Dataset records
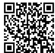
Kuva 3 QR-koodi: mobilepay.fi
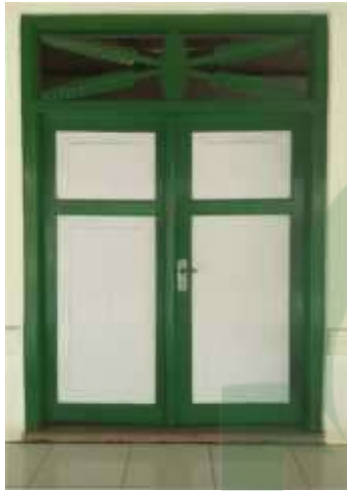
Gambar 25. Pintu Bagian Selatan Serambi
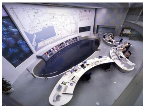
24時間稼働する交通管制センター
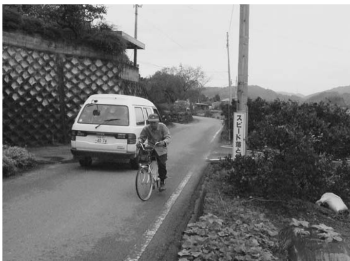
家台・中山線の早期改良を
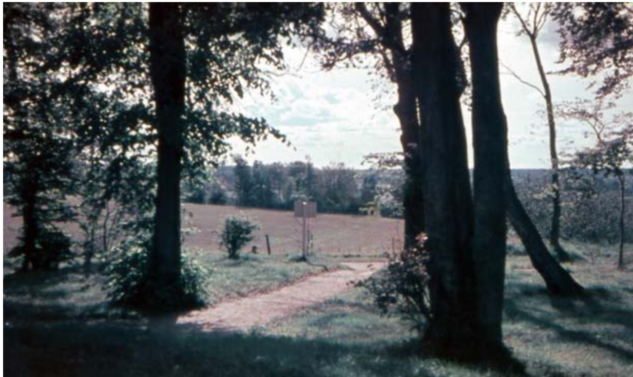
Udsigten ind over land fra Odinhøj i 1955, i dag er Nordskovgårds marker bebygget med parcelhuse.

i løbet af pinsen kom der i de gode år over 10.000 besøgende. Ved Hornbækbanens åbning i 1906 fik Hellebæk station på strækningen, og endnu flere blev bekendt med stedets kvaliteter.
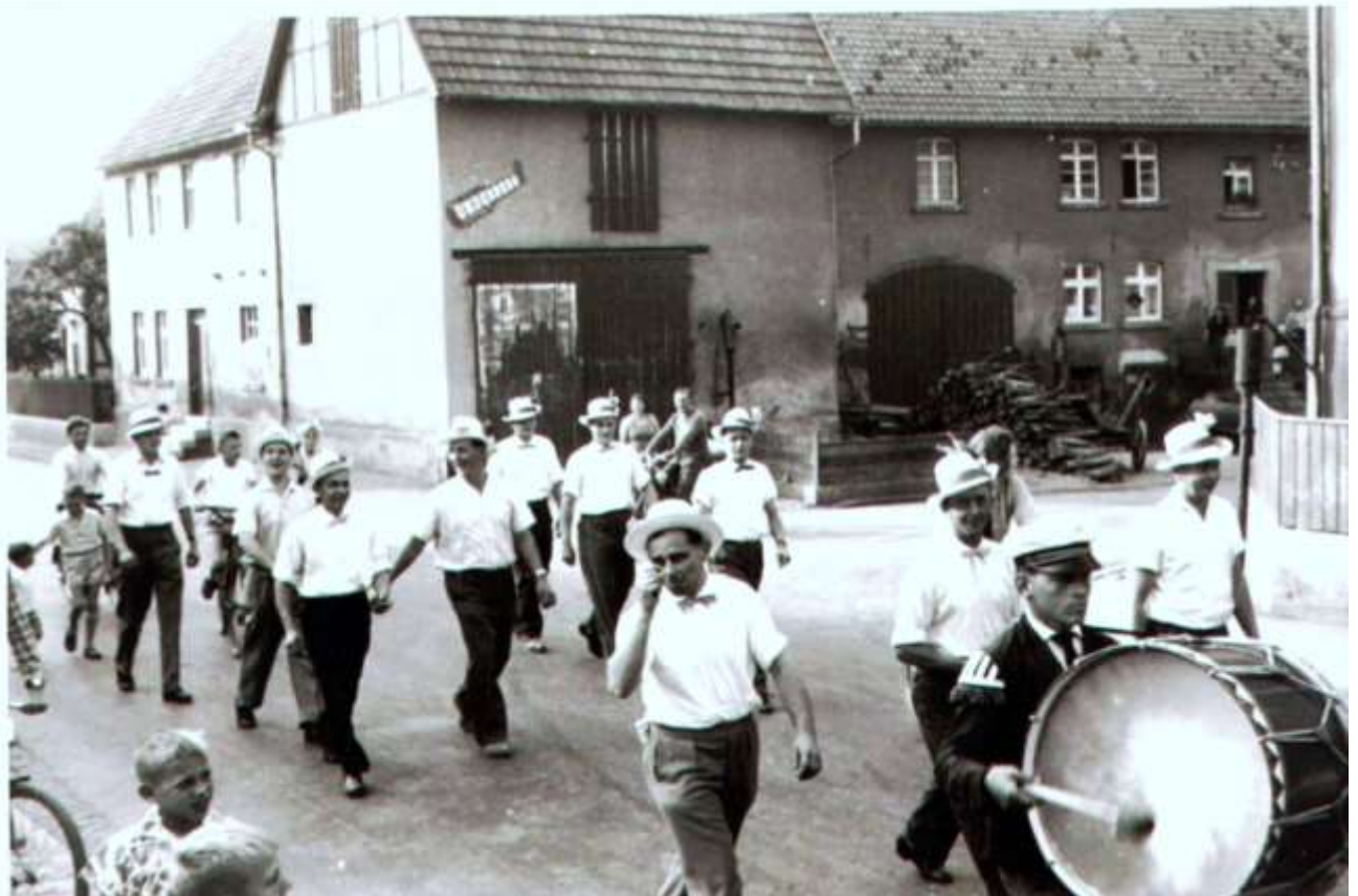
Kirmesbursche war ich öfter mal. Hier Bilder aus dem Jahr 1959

---

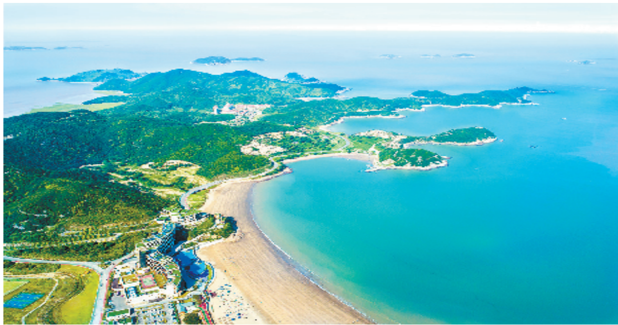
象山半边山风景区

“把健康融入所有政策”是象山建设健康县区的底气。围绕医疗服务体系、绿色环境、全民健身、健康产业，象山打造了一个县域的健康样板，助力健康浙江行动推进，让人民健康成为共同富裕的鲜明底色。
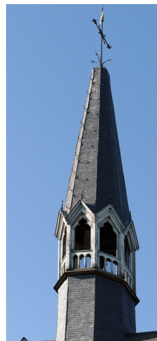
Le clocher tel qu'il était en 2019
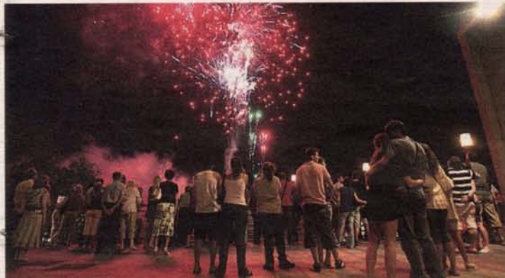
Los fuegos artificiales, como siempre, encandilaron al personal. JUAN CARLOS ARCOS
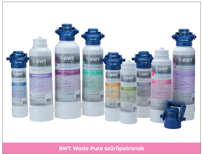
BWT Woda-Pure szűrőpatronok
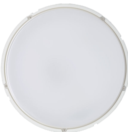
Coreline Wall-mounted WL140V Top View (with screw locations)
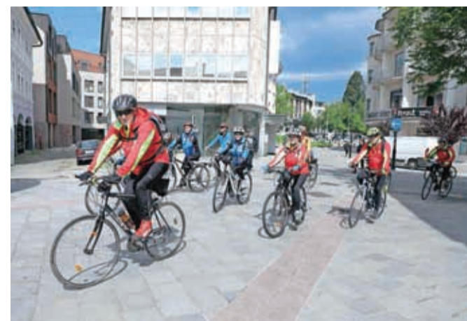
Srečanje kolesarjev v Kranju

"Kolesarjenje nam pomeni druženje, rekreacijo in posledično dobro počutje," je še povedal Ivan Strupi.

### Exercise:
Among the entries above, take the line with "Kuva 3 QR-koodi: mobilepay.fi", the line with "Kirmesbursche war ich", and all the lines between them, and restate them word for word without pictures.

### Answer for the task:
Kuva 3 QR-koodi: mobilepay.fi
Gambar 25. Pintu Bagian Selatan Serambi
24時間稼働する交通管制センター
家台・中山線の早期改良を
Udsigten ind over land fra Odinhøj i 1955, i dag er Nordskovgårds marker bebygget med parcelhuse.

i løbet af pinsen kom der i de gode år over 10.000 besøgende. Ved Hornbækbanens åbning i 1906 fik Hellebæk station på strækningen, og endnu flere blev bekendt med stedets kvaliteter.
Kirmesbursche war ich öfter mal. Hier Bilder aus dem Jahr 1959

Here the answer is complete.